Recently, Prestley requested a tour of Long Lane in response to the suicide
of one 15-year-old and subsequent suicide attempts of other teens
incarcerated there. Key to improving conditions, Prestley said, is an
upgrade of mental health services.
She's right. The mental-health services for juveniles could be better at
Long Lane. Practically everything could be better at Long Lane.
But let's get specific.
The vast majority of the juvenile delinquents at Long Lane ere sent there
because they were using drugs, dealing in drugs, or selling drugs. Many also
had alcohol problems.
State officials say 70 percent of male inmates and 85 percent of the female
inmates have a history of drug or alcohol abuse. A University of
Connecticut study estimated that at least 52 percent of the teens in Long
Lane needed drug treatment.
So does Long Lane deal effecticely with the kids' drug involvement?
Nope. The institution has no in-house drug-treatment program.
This, despite the pervasive and proven link in medical literature going back
to 1830 between abuse of alcohol and drugs and suicide attemps.
Given that suicide at Long Lane has landed the facility in the news, the
lack of drug treatment at Long Lane is quite incredible.
So does Long Lane enroll kids in outside drug treatment?

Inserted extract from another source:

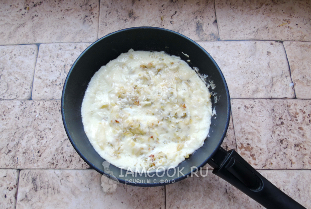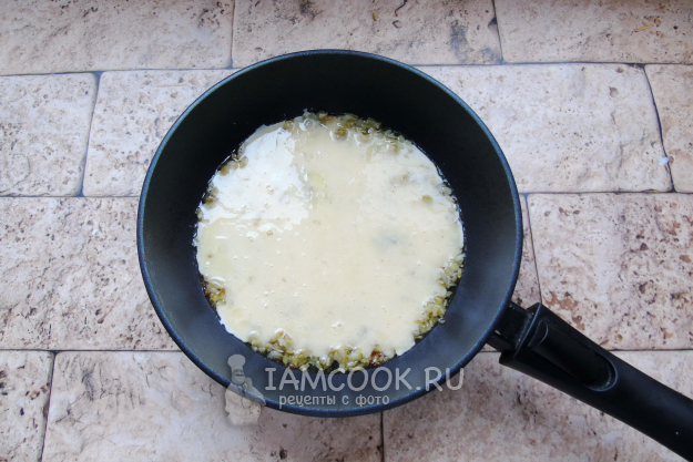 Сковороду с луком и огурцом хорошо разогрейте и влейте смесь из яиц и сметаны.

Only a handful of
teens get such help, in comparison to the number experiencing drug problems.
Long Lane used to have a cottage where drug treatment of youth could take
place. But it was funded with federal dollars, and when the money ran out,
the program stopped.
Spokesman John Wiltse, of the state Department of Children and Families,
says two of the staff at Long Lane are clinical substance-abuse counselors.

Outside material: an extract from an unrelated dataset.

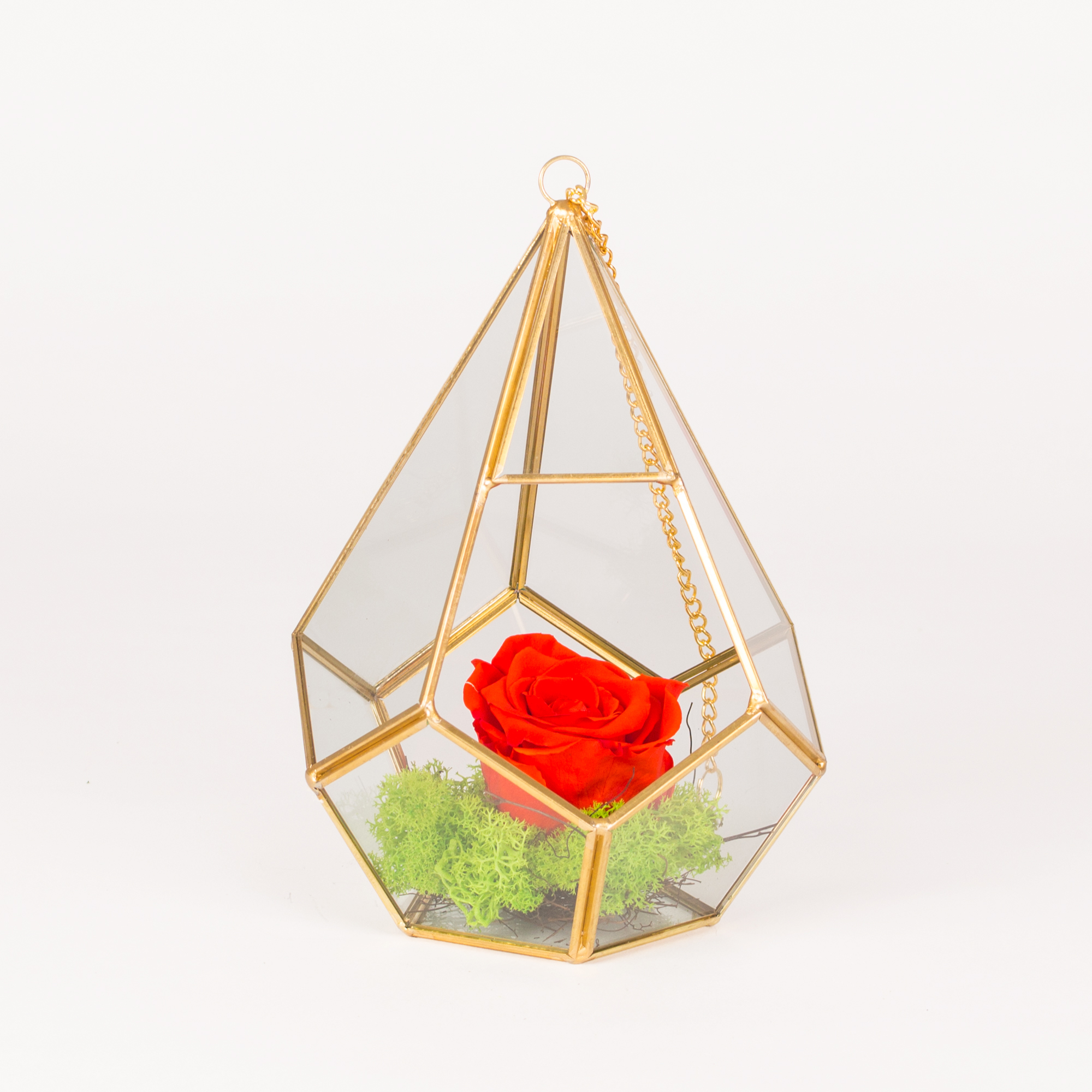 Diamond prism L15cm h23cm with orange preserved rose, green moss and small nest.

And they will be able to supervise counseling at the institution once other
staff members are trained to be substance-abuse supervisors. Wiltse says
the goal is to have one certified counselor for each eight inmates with
problems. But it would likely take two to three years to certify the staff
members.
So what happens in the meantime?
The youthful inmates with intensive drug problems are referred to
residential facilities outside Long Lane, but that occurs only if HMO's
approve the treatment, Wiltse says. Currently, some 48 inmates out of a
population of 230 are in such programs.
To fail to address drug problems when more then three-quarters of the inmate
population is diagnosed with those issues is bad policy. There's no other
word for it. Even a neophyte with a modicum of common sense could see that
DCF is failing to prescribe a treatment that will deal with the problem. By
doing so, it is ignoring one to the root causes of these young people's
anti-social behavior.
According to Prestley, Long Lane didn't even have Alcoholics Anonymous
meetings or Narcotics Anonymous meetings available to the troubled youth -
meetings which are absolutely free and often effective.
The determined see-no-evil-hear-no-evil attitude concerning the
substance-abuse problem among teens at Long Lane isn't merely short-sighted
on the part of DCF.
Even treating the kids for depression while ignoring the drug abuse in their
backgrounds would be a waste of money. Ignoring the drug problem makes it
more likely, not less, that many at-risk kids at Long lane will continue to
attempt suicide. And some, sadly, may just succeed.
To paraphrase James Carville, it's the drugs, Stupid.